JimX Street01/01/01Plumber20000

BobY Road06/06/90Doctor 60000

I've over ever dealt with files containing one piece of information per line, so I'm slightly confused as to how I read this data into an array and spit it up so I can make use of the data later on (i.e. list all people in a certain job or calculate average wage). I've used tokenizers to split by certain characters before (space or tab), but this has me stumped.

Can someone point me in the right direction?
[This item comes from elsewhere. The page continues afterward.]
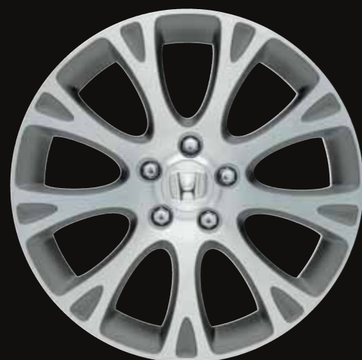
Jantes alliage 18" dans une superbe version 9 branches.

Any help would be very much appreciated.

Thanks.

[727 byte] By [vinceJa] at [2007-11-27 2:55:52]
# 1

I suggest that you instead use an list, like arrayList, and fills it with objects that suits your purpose. Like and class Person, which contains getters and setters for the information that you want to store.. Then add that Person object to the list.

First, read 1 row, split it up with stringtokenizer or whatever. Then add each of these to the object Person by using metods like; setName, setStreet and so on.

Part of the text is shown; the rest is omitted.